DUBAI (Reuters) - Etisalat (ETEL.AD), the Gulf’s No.2 telecommunications operator, will not completely sell out of any of its foreign markets, the company’s chief executive said on Sunday.
The United Arab Emirates firm, which operates in about 17 countries in Africa, Asia and the Middle East, sold a 9.1 percent stake in Indonesian mobile firm PT XL Axiata (EXCL.JK) for $510 million in September, but retained a 4.2 percent holding.
The Indonesian sale, which followed Etisalat’s exit from India, was seen by some analysts as part of a broad push to trim back underperforming foreign units. But chief executive Ahmad Julfar insisted on Sunday that the company would retain its current footprint.
“We are not going to exit any markets,” Julfar told reporters on the sidelines of a conference in Dubai. “We are very happy with our international operations, even Africa.”
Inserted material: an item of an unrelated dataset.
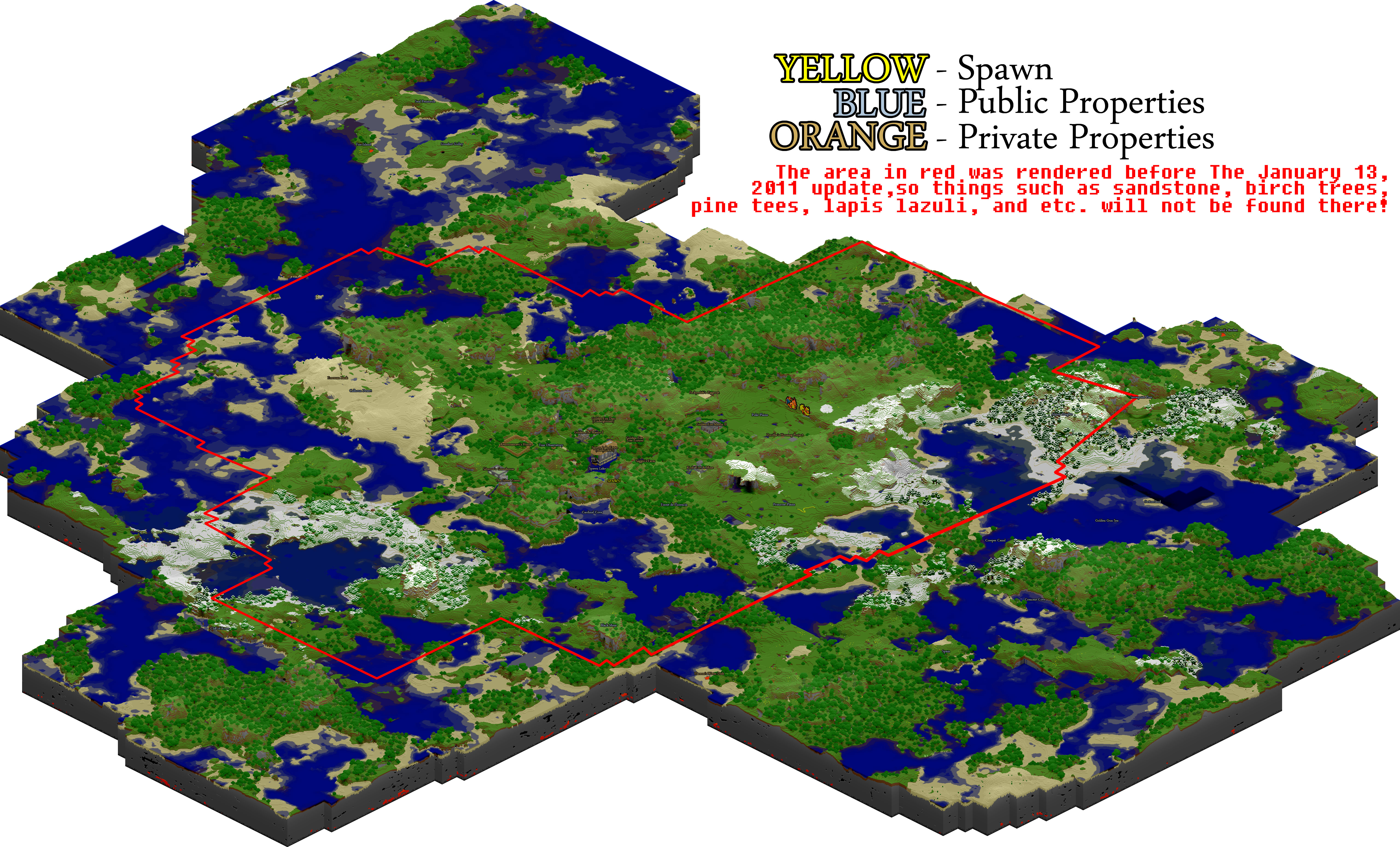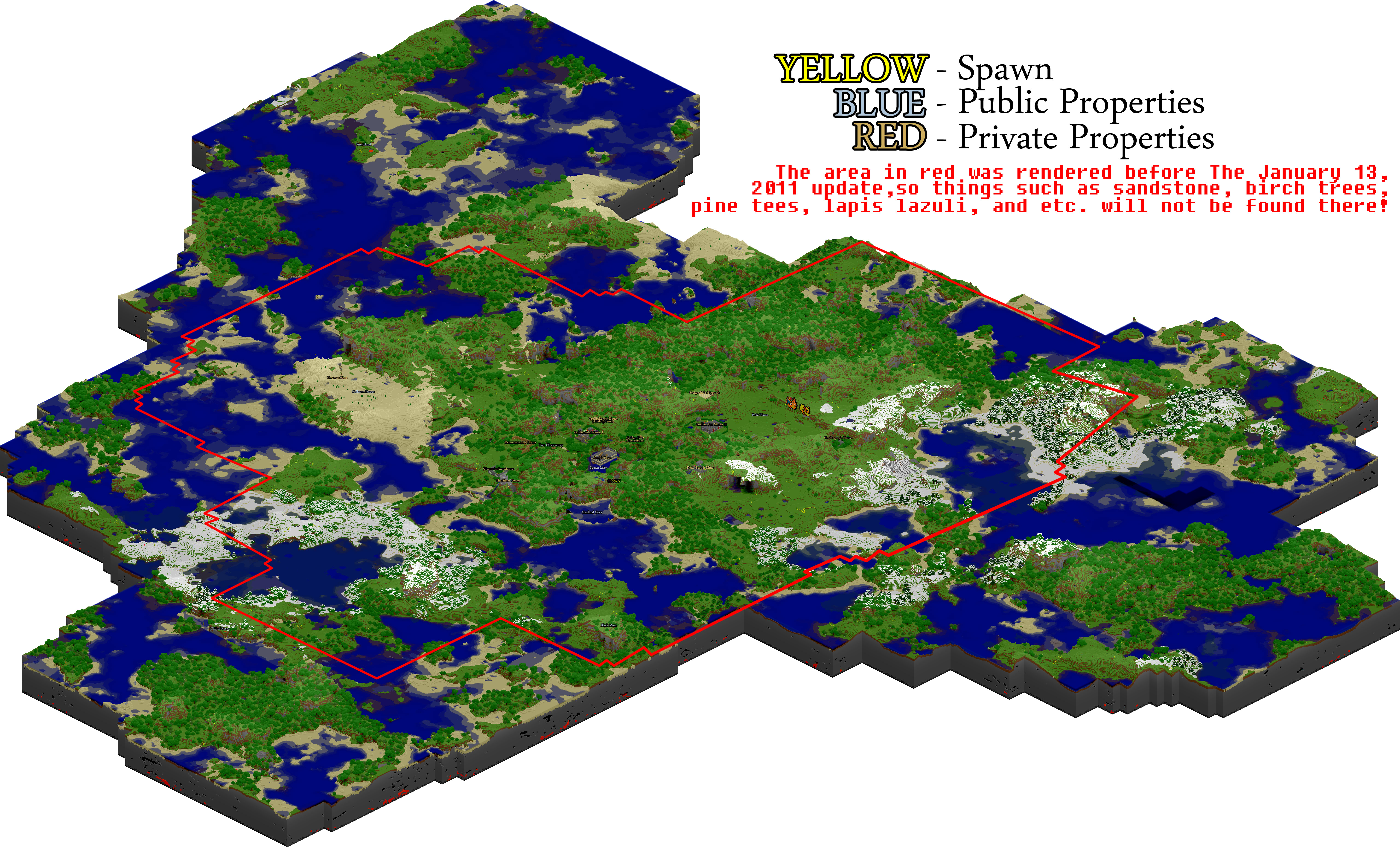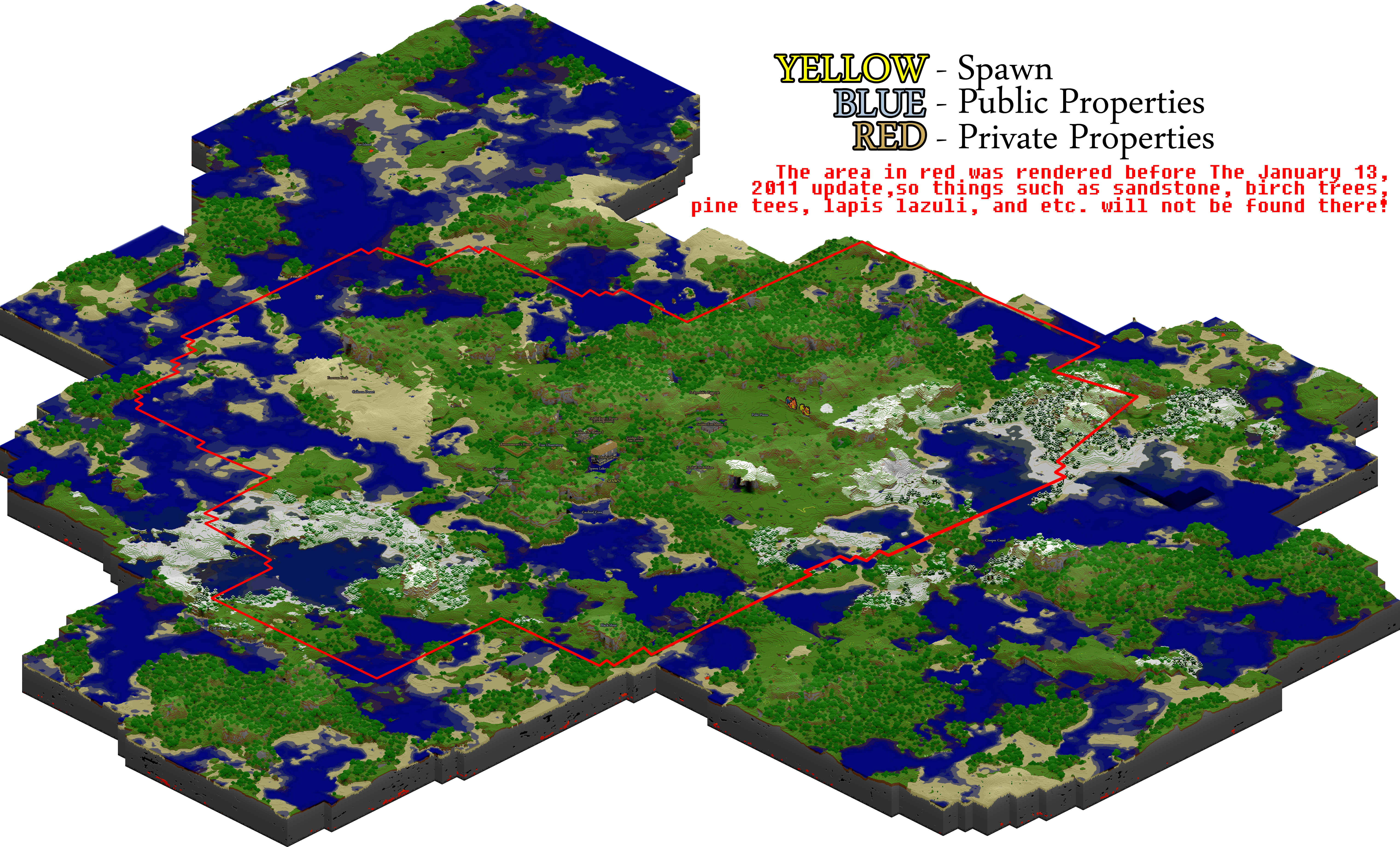Labels are now officially present on the world map. If you have any properties that you would like to be labeled, you may send me a message about it. Names of public places that already exist cannot be changed unless you talk with me first! If you would like to name your property (EX: "Golden Fox Manor" instead of "Docithe and Feckyeslife's House") or change a property label in any way, you can send me a message regarding the change.

In Africa, Etisalat owns 66 percent of Egypt’s Etisalat Misr, 40 percent of Etisalat Nigeria and 65 percent of Tanzania’s Zantel, plus Atlantique Telecom, which has mobile licenses in six countries, and a majority stake in Sudan fixed line operator Canar.
In the UAE, du (DU.DU) ended Etisalat’s domestic monopoly in 2007, with the smaller operator claiming a 46.5 percent share of the country’s mobile subscribers by the end of June this year.
The two operators, both majority-owned by government-linked institutions, are still at loggerheads over a network-sharing deal that would allow them to compete on fixed-line services.
Both offer fixed-line voice, broadband and television services but not in the same districts of the UAE, and an agreement was slated to be finalized by the end of 2011.
“It’s the commercial pricing between us and du only,” said Julfar. “That’s in discussion now. It could happen this year, it could happen next year. We have not reached commercial terms yet. It could happen in one month, but it could take three to four months also.”